--- Assigned task ---
Of the records that follow, copy only the lines from the line containing "The Best of" to the line containing "01569 Glue Pan", both included, exactly as written.

--- Data ---
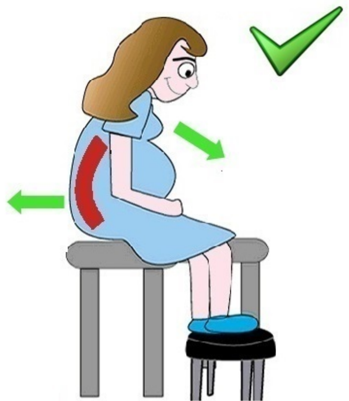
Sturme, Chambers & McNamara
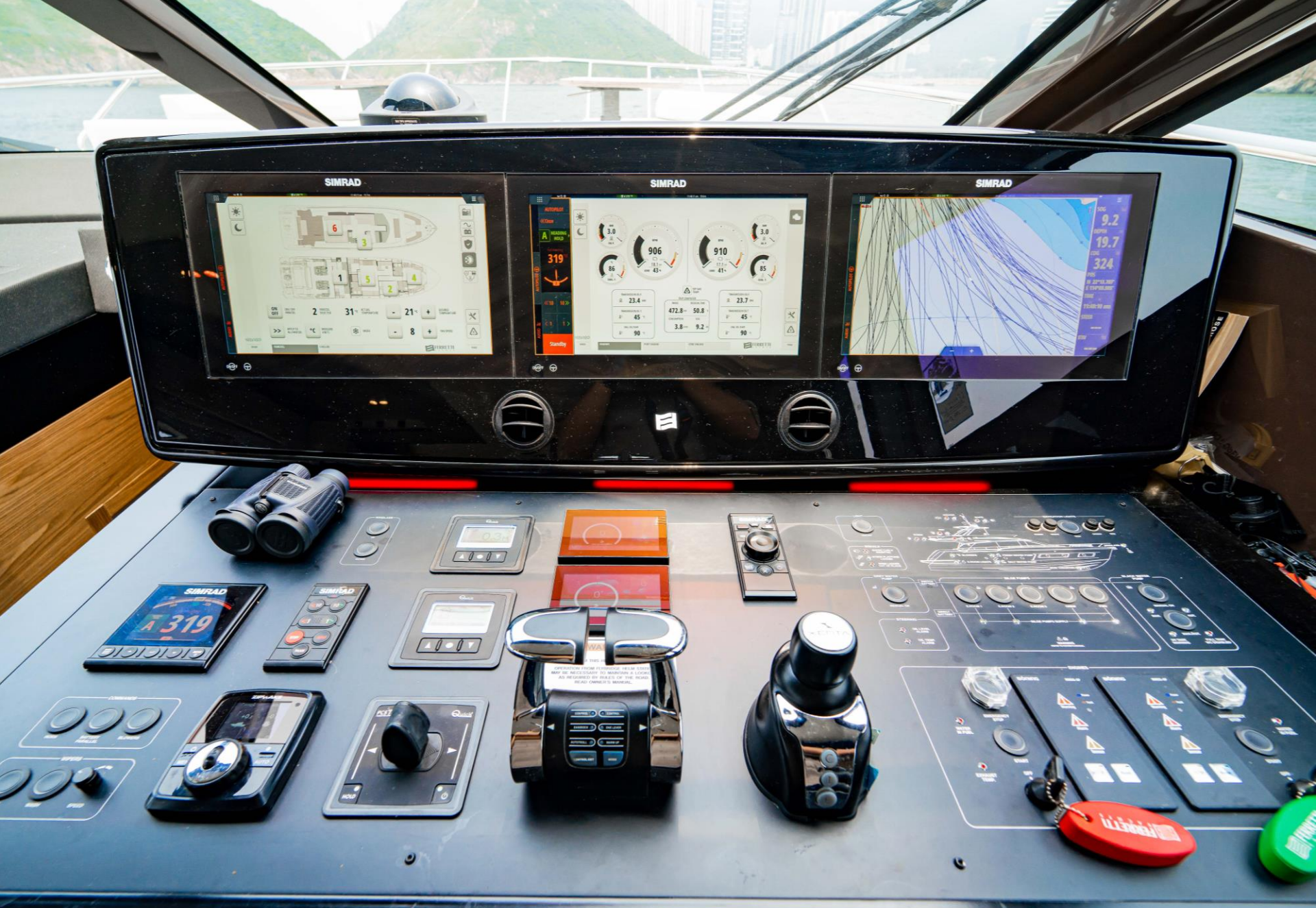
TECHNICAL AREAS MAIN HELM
--
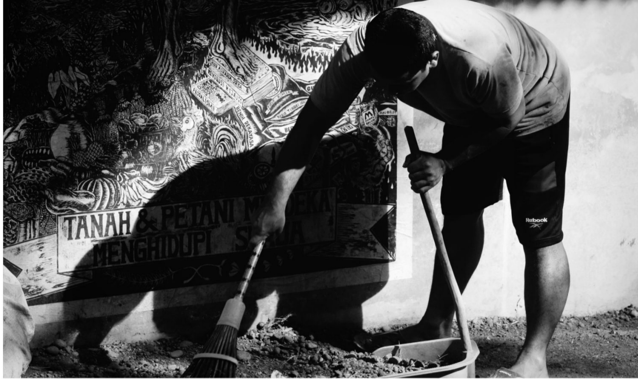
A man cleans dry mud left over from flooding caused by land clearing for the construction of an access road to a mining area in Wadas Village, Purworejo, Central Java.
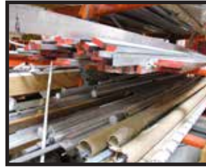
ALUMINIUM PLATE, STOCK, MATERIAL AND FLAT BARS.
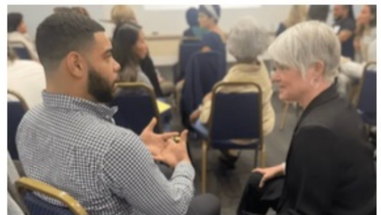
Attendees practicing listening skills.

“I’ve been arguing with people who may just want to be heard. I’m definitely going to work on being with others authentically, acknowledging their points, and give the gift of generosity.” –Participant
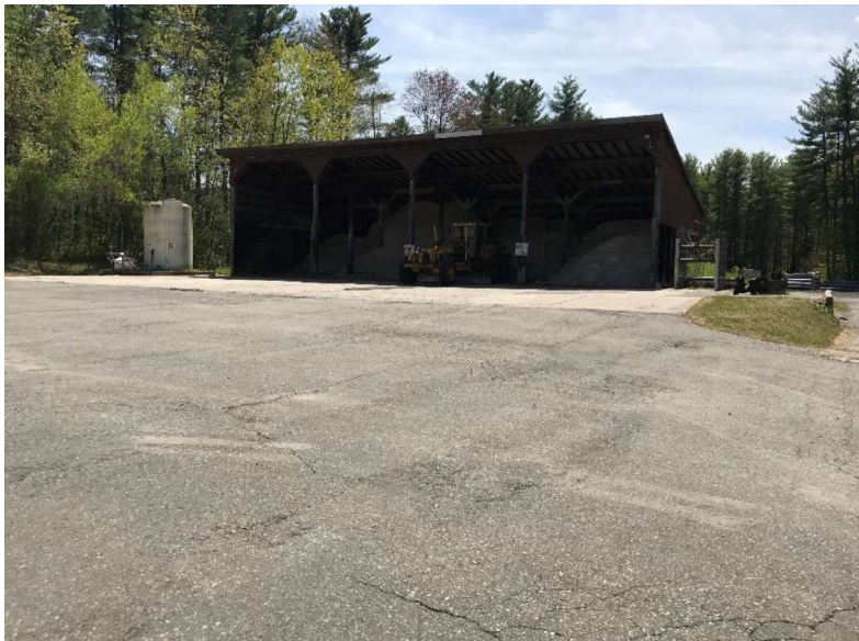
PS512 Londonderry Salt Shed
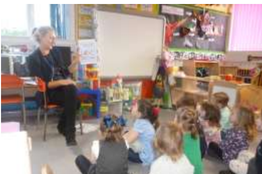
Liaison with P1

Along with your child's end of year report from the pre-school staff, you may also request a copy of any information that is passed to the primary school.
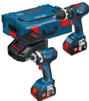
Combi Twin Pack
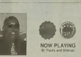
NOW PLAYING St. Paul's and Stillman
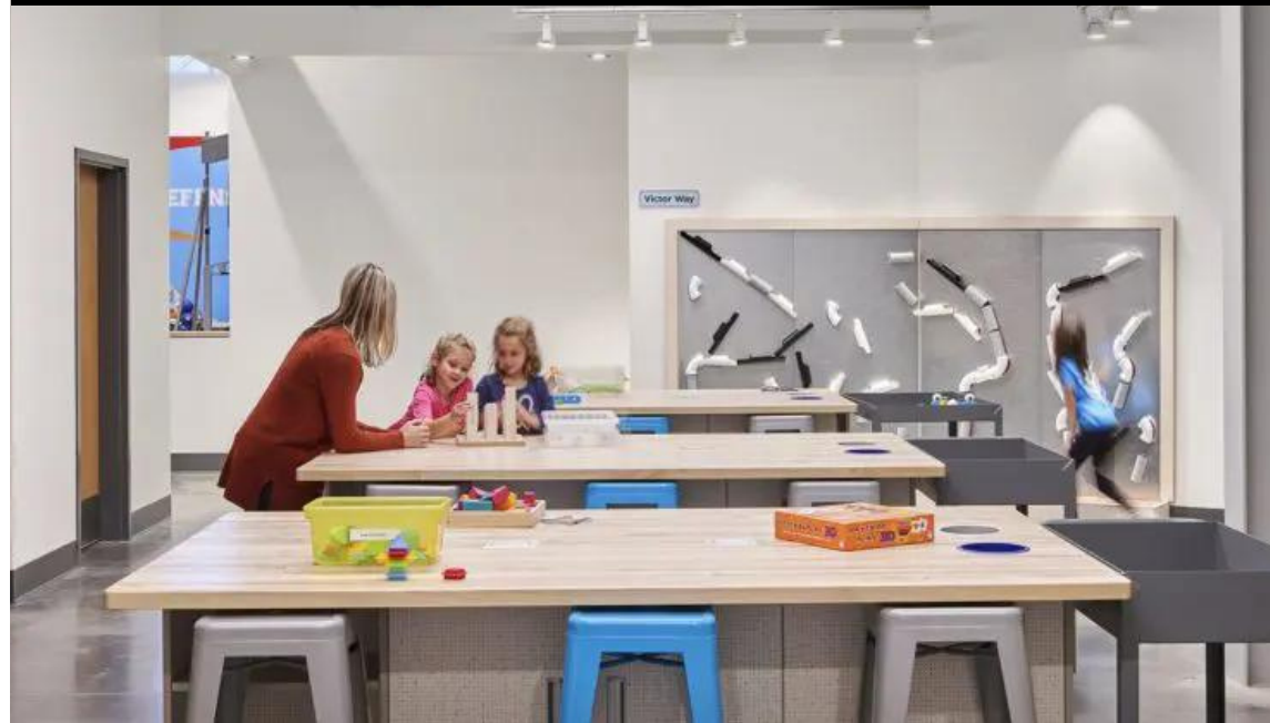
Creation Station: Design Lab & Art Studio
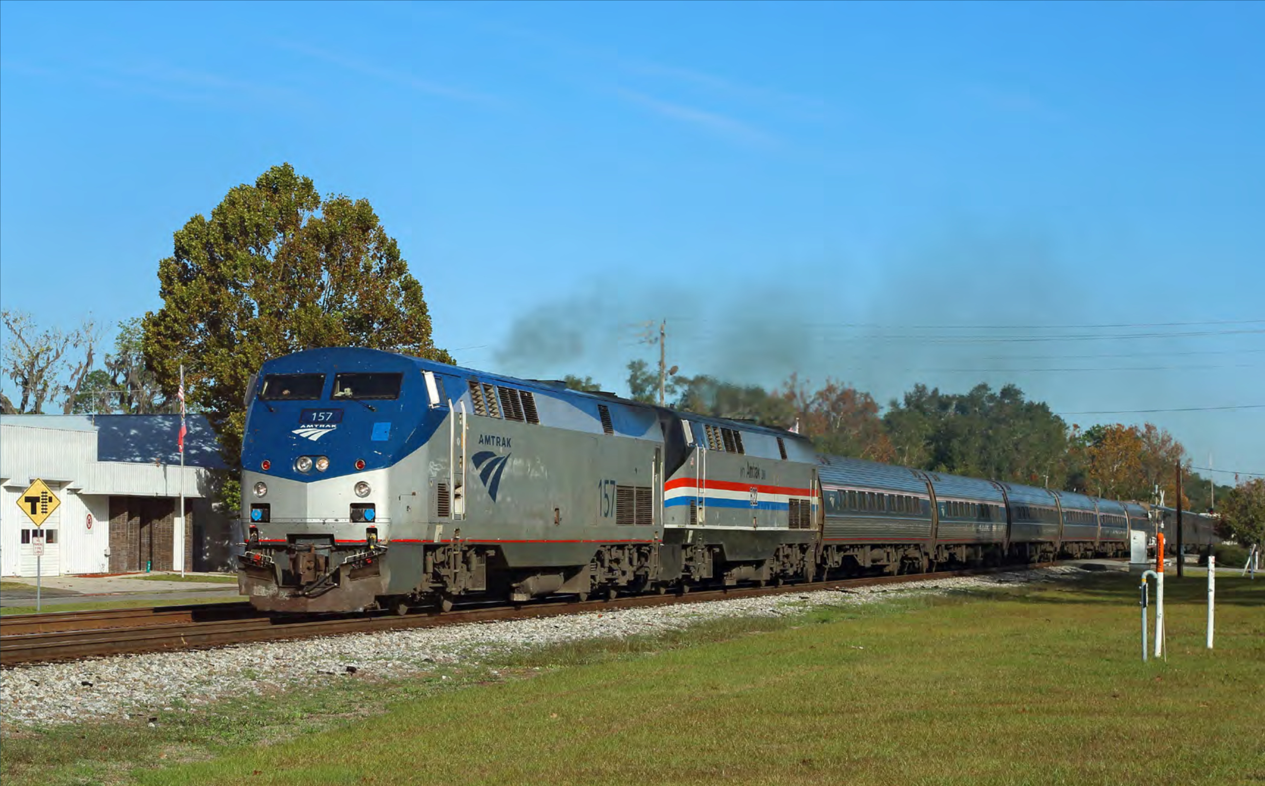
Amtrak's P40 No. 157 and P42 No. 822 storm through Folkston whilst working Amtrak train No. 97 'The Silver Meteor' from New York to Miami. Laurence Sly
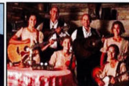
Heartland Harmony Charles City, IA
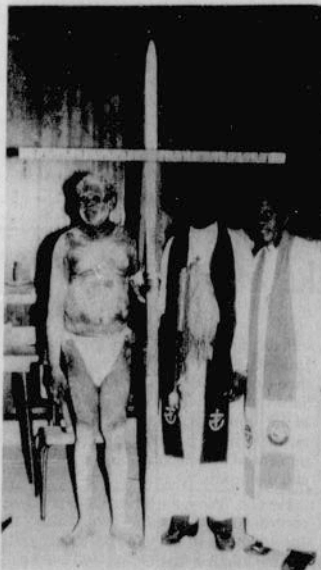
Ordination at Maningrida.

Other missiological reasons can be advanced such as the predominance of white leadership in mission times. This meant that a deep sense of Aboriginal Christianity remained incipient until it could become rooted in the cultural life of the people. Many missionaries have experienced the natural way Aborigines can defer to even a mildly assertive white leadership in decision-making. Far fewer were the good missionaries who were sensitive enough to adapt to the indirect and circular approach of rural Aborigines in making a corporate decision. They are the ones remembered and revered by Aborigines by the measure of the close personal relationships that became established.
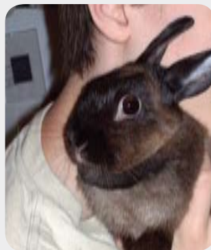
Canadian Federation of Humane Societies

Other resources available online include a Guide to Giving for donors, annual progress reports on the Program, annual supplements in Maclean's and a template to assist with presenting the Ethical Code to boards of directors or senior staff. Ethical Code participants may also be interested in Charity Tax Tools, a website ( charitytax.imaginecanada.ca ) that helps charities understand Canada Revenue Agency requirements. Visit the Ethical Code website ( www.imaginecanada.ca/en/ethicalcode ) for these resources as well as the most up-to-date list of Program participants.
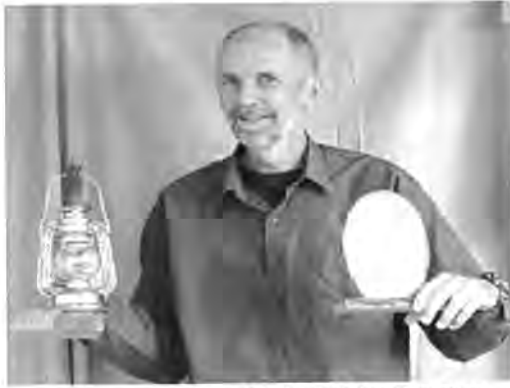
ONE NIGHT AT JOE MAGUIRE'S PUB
* * *
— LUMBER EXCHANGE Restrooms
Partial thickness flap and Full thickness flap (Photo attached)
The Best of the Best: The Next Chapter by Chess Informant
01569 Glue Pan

--- Written answer ---
The Best of the Best: The Next Chapter by Chess Informant
01569 Glue Pan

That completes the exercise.